Although the pH of days 60 and 90 was significantly different from the initial day, the pH of all stability conditions fell in the range of 5.0 to 5.5 (Figure 1A). The viscosity of the formulation during days 30, 60, and 90 significantly increased (Figure 1B), with a viscosity of 68.47 ± 2.36 to 98.53 ± 1.15 Pa was classified as a cream formulation, with quite low viscosity compared to day 1, which characteristics represent a serum.  The quercetin remaining was at 25 and 40 °C day 90 was 101.7 ± 0.9 to 103.6 ± 0.4%, which fell in the criterion of the topical formulation in the United States Pharmacopeia (USP 46, 2023), While the temperature of 4°C for 60 days, the quercetin remaining was 82.9 ± 0.4% (Figure 1C). These revealed that the quercetin may re-crystal at low temperatures, as the solubility of quercetin was 2.15 and 665 µg/mL at 25 and 140 °C (Srinivas et al., 2010).

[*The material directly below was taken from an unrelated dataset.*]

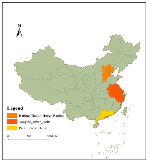 In response to China’s growing environmental and AP problems, the Chinese government has introduced measures to improve air quality and reduce AP. The State Council promulgated the Air Pollution Prevention and Control Action Plan (hereafter referred to as “APPA”) in September 2013, known as the most stringent air pollution control system in history [8]. The policy puts forward more specific goals for future AP management and sets out the implementation plan for AP prevention and control in ten areas. The Beijing–Tianjin–Hebei region, Yangtze River Delta, and Pearl River Delta are facing more serious AP problems due to the concentration of resource elements and rapid economic development [9,10,11] (Figure 1). Therefore, one of the important goals of APPA is to reduce the concentration of fine particles in the Beijing–Tianjin–Hebei region, Yangtze River Delta, and Pearl River Delta regions to improve air quality.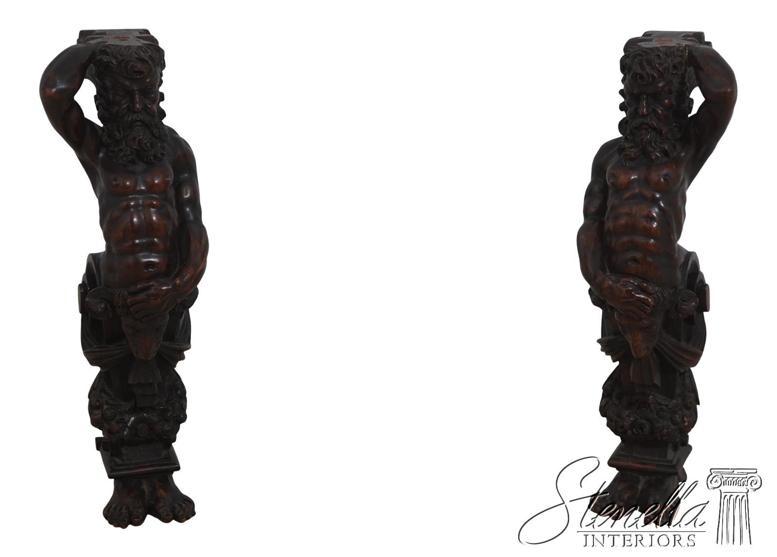F72399: Pair Antique 18th C. French Carved Sculptures Of Atlantis

However, the antioxidant activity at 4, 25, and 40°C for 90 days remained comparable to the standard quercetin (84.70% at 40 μg/mL), and no significant difference from the initial day (except at 25°C, day 90) (Figure 1D).

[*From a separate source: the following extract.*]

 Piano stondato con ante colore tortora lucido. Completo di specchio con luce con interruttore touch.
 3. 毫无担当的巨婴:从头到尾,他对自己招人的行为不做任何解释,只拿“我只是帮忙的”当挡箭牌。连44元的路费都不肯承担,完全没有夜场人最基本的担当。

Figure 2. FTIR spectra of the shed snake skin after the skin permeation study.

Figure 3. DSC thermogram of the shed snake skin after the skin permeation study.

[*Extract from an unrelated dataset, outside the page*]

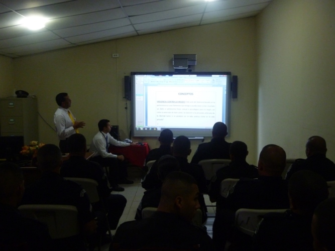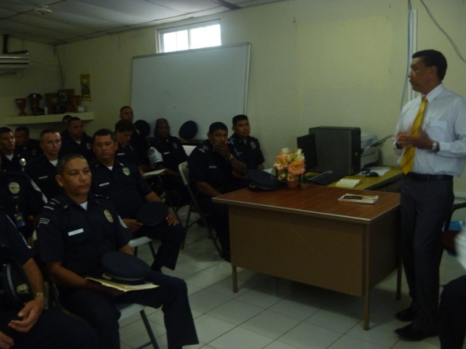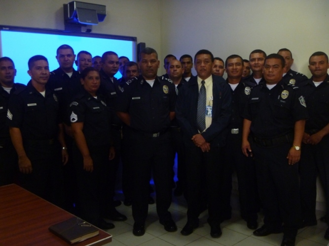 La Séptima Zona de Policía de Los Santos, en coordinación con la Fiscalía de Familia, llevó a cabo la capacitación, durante una semana, al pie de fuera policial, cuyo tema fue “Ruta para la Atención Policial de Caso de Violencia Domestica y Género”, dictada por el Lic. Víctor Yiori, quien funge en la Provincia de Los Santos como Fiscal de Familia. Las unidades policiales recibieron las instrucciones con mucho interés, teniendo como finalidad el poder perfeccionar su desempeño dentro del campo laboral, de igual manera ser mas profesionales en su área de trabajo. Toda esta capacitación se da por el interés del Subcomisionado Cogley de que el personal bajo su mando se capacite para beneficio y mejor atención a la comunidad. El subcomisionado Cogley le hizo entrega de pergamino en agradecimiento al Lic. Yiori. |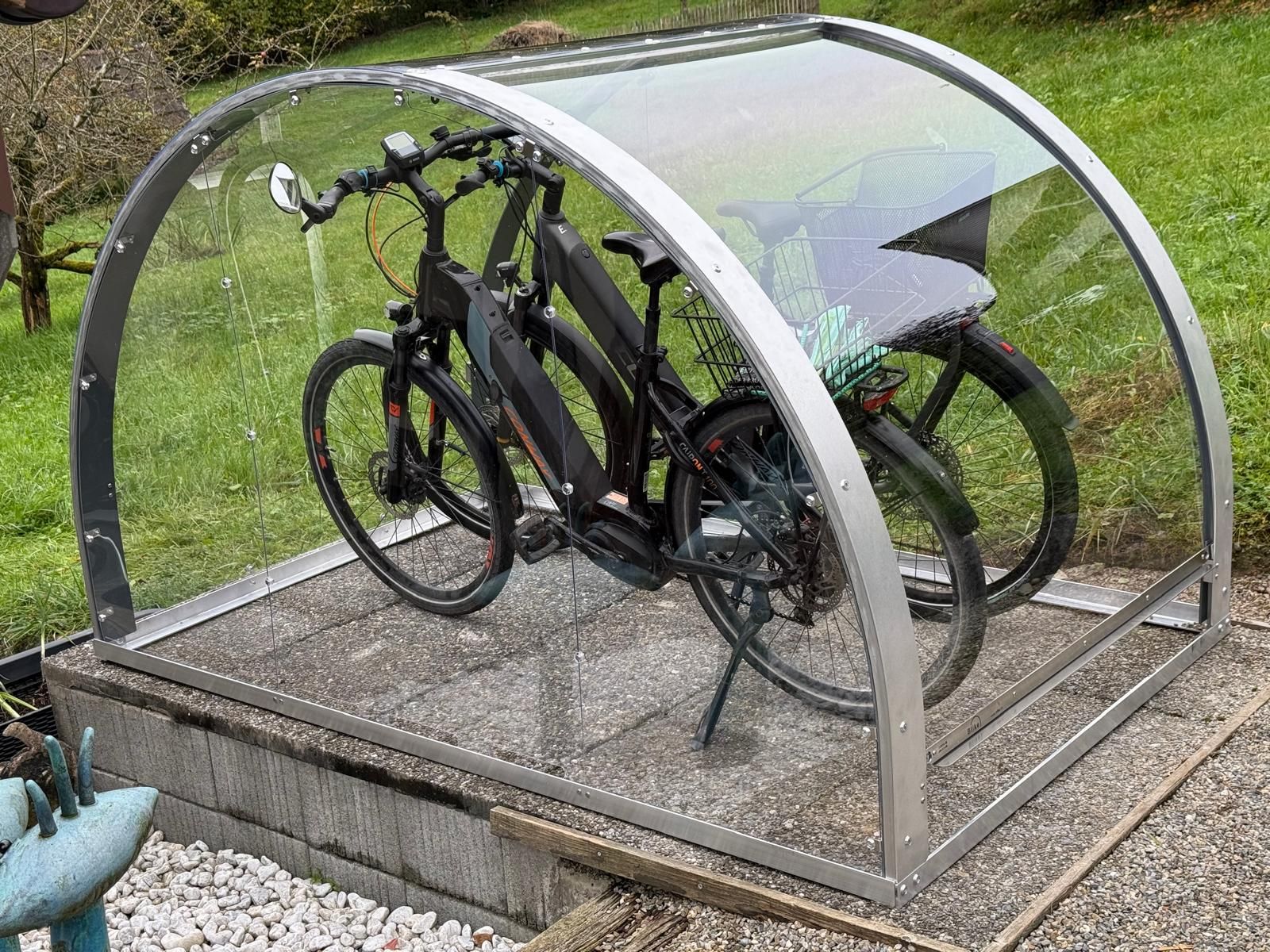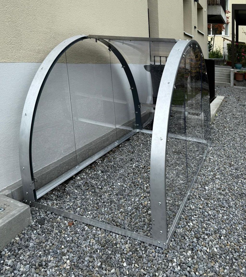 Das Velodach Blike und die Blike.Box gibt es seit vielen Jahren. Einige hundert Blike's sind im Einsatz und schützen die Velos.

The in vitro release profile indicated that the initial release rate of quercetin from the scar-reducing formulation (or Scar Q plus), the scar-reducing formulation incorporating shallot-micellar extract, and the shallot-micellar extract were not significantly different. The release rate of quercetin from the shallot-water extract was the lowest, while the release rate of the control was undetectable. The skin permeation via the snake skin indicated that the quercetin did not permeate the snake skin in this study. Thus, the mechanism of skin permeability was investigated. The FTIR spectra of untreated and treated skin with formulation exhibited greater broadening of peaks near 2,850 cm^-1 and 2,920 cm^-1 (Figure 2A). These results indicate that the C-H stretching at wavenumbers 2,920 and 2,850 cm^-1 (Figure 2B) and the amide peaks at wavenumbers 1,200-1,700 cm^-1 (Figure 2C) of skin treated with formulation were not different from that of intact untreated skin. The endothermic peak of the skin treated with formulation (70.59°C) was markedly different from that of the untreated skin (control) (77.06°C) (Figure 3B). Meanwhile, the peak at 230°C of the treated skin was absent (Figure 3C).

DISCUSSION

In formulating a pharmaceutical product for scar reduction, our focus revolved around three crucial criteria: the efficacy in reducing scars, the safety profile for the skin, and the stability of the formulation. Various scar-reducing formulations available in the market come in different forms, such as gels (Chanprapaph et al., 2012), silicone gels (Napavichayanun et al., 2022; Wananukul et al., 2013), creams (Esoje, Muazu, and Madu, 2016), patched (Conti et al., 2020; Prager and Gauglitz, 2018), spray (Ahmed et al., 2023) and serums. Recognizing the importance of customer satisfaction, our formulation prioritized a visually appealing appearance, characterized by a white serum with a mild aroma and features that make it non-sticky, easy to apply, and spread. Prior to evaluating the scar-reducing efficacy, a comprehensive assessment of skin safety and formulation stability was conducted. DermScan Asia Co., Ltd. performed a non-irritation test involving 20 healthy volunteers for our scar-reducing formulation, revealing no irritation.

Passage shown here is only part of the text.